Labor law currently allows any document between the employee and the employer to be signed electronically by means of a qualified or advanced signature.
The two types of technology have different technical characteristics and provide distinct levels of security and legal recognition:
- the qualified signature shall be the implicit equivalent of the handwritten signature recognized in any EU State;
- the advanced signature has limited recognition and it needs to be proved.
According to OUG nr. 36/2021, work papers can be signed with both advanced and qualified electronic signature. The state grants in the field of labor relations the value of handwritten signature and advanced signatures, but this recognition applies exclusively on Romanian territory.
Advanced signatures shall be issued on the basis of a simple digital certificate and, in order for these advanced signatures to be valid and enforceable, those who use them must be able to demonstrate that the technical way in which they have issued these signatures complies with all four detailed requirements of the eIDAS Regulation:
- refer exclusively to the signatory;
- allow the identification of the signatory;
- they are created using electronic signature creation data that the signatory can use with a high level of confidence exclusively under its control;
- they are related to the data used for signing, so any subsequent changes to the data can be detected.

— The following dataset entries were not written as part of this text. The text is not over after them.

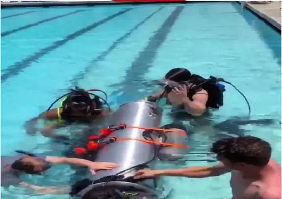 这款潜水艇用的材料是特斯拉SpaceX猎鹰火箭的材料,效率超高的马斯克团队用了8个小时就完成了建造,并花了17个小时就运送到了泰国一所高中的泳池内进行了一系列的试验。
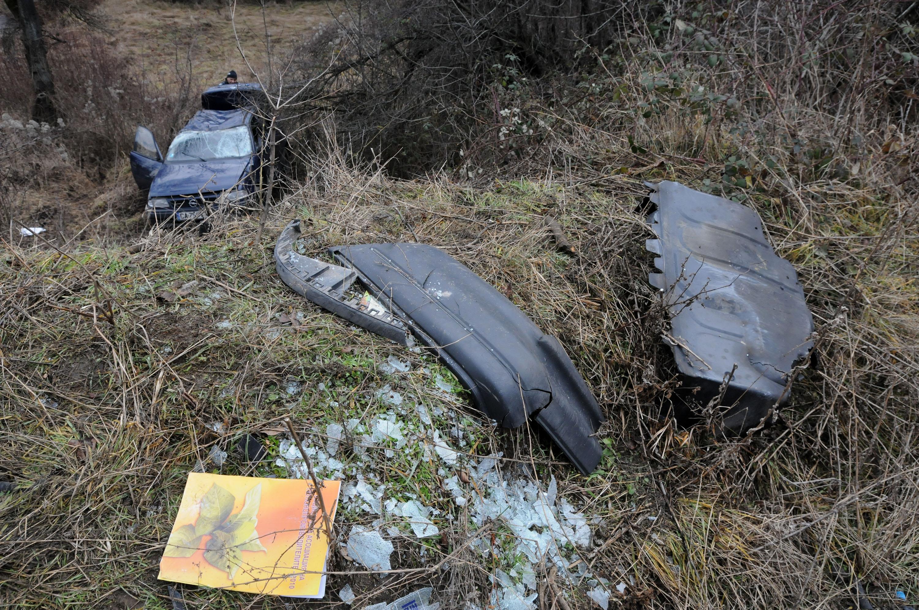 Колата се е ударила в насипа, но не се е спряла и се е превъртяла в дерето. При инцидента са пострадали и тримата пътници - двама мъже и една жена.
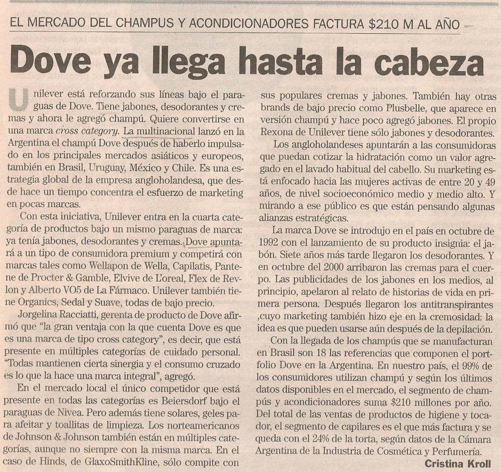 Unilever está reforzando sus líneas bajo el paraguas de Dove. Tiene jabones, desodorantes y cremas y ahora le agregó champú. Quiere convertirse en una marca cross category. La multinacional lanzó en la Argentina el champú Dove después de haberlo impulsado en los principales mercados asiáticos y europeos, también en Brasil, Uruguay, México y Chile. Es una estrategia global de la empresa angloholandesa, que desde hace un tiempo concentra el esfuerzo de marketing en pocas marcas. Con esta iniciativa, Unilever entra en la cuarta categoría de productos bajo un mismo paraguas de marca: ya tenía jabones, desodorantes y cremas. Dove apuntará a un tipo de consumidora premium y competirá con marcas tales como Wellapon de Wella, Capilatis, Pantene de Procter & Gamble, Elvive de L’oreal, Flex de Revlon y Alberto VO5 de La Fármaco. Unilever también tiene Organics, Sedal y Suave, todas de bajo precio. Jorgelina Racciatti, gerenta de producto de Dove afirmó que «la gran ventaja con la que cuenta Dove es que es una marca de tipo cross category«, es decir, que está presente en múltiples categorías de cuidado personal. Todas mantienen cierta sinergia y el consumo cruzado es lo que la hace una marca integral«, agregó. En el mercado local el único competidor que está presente en todas las categorías es Beiersdorf bajo el paraguas de Nivea. Pero además tiene solares, geles para afeitar y toallitas de limpieza. Los norteamericanos de Johnson & Johnson también están en múltiples categorías, aunque no siempre con la misma marca. En el caso de Hinds, de GlaxoSmithKline, sólo compite con sus populares cremas y jabones. También hay otras brands de bajo precio como Plusbelle, que aparece en versión champú y hace poco agregó jabones. El propio Rexona de Unilever tiene sólo jabones y desodorantes. Los angloholandeses apuntarán a las consumidoras que puedan cotizar la hidratación como un valor agregado en el lavado habitual del cabello. Su marketing está enfocado hacia las mujeres activas de entre 20 y 49 años, de nivel socioeconómico medio y medio alto. Y mirando a ese público es que están pensando algunas alianzas estratégicas. La marca Dove se introdujo en el país en octubre de 1992 con el lanzamiento de su producto insignia: el jabón. Siete años más tarde llegaron los desodorantes. Y en octubre del 2000 arribaron las cremas para el cuerpo. Las publicidades de los jabones en los medios, al principio, apelaron al relato de historias de vida en primera persona. Después llegaron los antitranspirantes, cuyo marketing también hizo eje en la cremosidad: la idea es que pueden usarse aún después de la depilación. Con la llegada de los champús que se manufacturan en Brasil son 18 las referencias que componen el portfolio Dove en la Argentina. En nuestro país, el 99% de los consumidores utilizan champú y según los últimos datos disponibles en el mercado, el segmento de champús y acondicionadores suma $210 millones por año. Del total de las ventas de productos de higiene y tocador, el segmento de capilares es el que más factura y se queda con el 24% de la torta, según datos de la Cámara Argentina de la Industria de Cosmética y Perfumería. Por Cristina Kroll
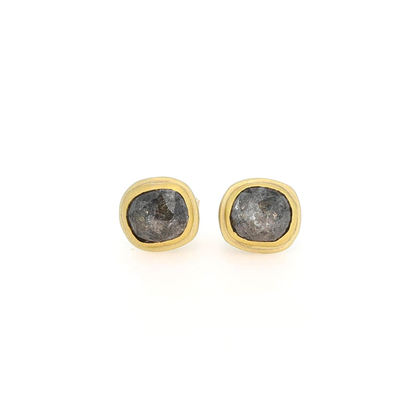 Rosecut Grey Diamonds are set in 22k gold bezel with an 18k gold back in these stud earrings with a 14k gold post by Ananda Khalsa. Perfect for everyday unique diamond post stud earrings.

Advanced electronic signatures can be issued by states or private organizations, and they are not of legal value by default and must be proven.
Qualified electronic signatures are an advanced type of signature, which by the way they are issued (using a qualified certificate and a qualified signature issuing device) implicitly ensures that the four conditions are met both at the time of signature and thereafter. These two additional tools (qualified certificate and qualified signature issuing device) ensure a direct and undeniable link between a person’s real identity and the electronic identity, so that these types of electronic signatures implicitly provide legal value and are considered equivalent to handwritten signatures, further evidence proving this is unnecessary. Qualified signatures are only issued by qualified trust service providers listed in a European register and qualified signatures are recognized as equivalent to handwritten signatures anywhere in the EU.
In short, any qualified signature is advanced, but not any advanced signature is qualified. While, for the qualified signature, its issue implicitly ensures, without any doubt, that it is the signatory who signed the document and no further evidence is required, the same does not apply to the advanced signature, for this type of signature additional proof is required that the advanced signature really belongs to the person appearing as a signatory.
Electronic signature in employment relationships from a company perspective
- employers may choose to use either of the two types of electronic signatures (advanced or qualified);
- whatever technology is used, it is also necessary to obtain employees’ agreement to use this form of distance signing of work papers;
- the fact that the Labor Code specifies the possibility of using electronic signature in employment relations does not oblige either the employer or the employee to use it;
- an employer will be able to use the electronic signature with some employees and with others will be able to continue using the handwritten signature, and there is no impediment to use it at the same time.
In conclusion, companies should conduct a careful and do a detailed analysis of the two signature technologies, because risks are not equally distributed in terms of security and trust. If, when using qualified signatures, there is a sum of the elements certifying that signature, taken by the supplier of qualified certificates, for advanced ones, additional precautions are needed which firms themselves must take.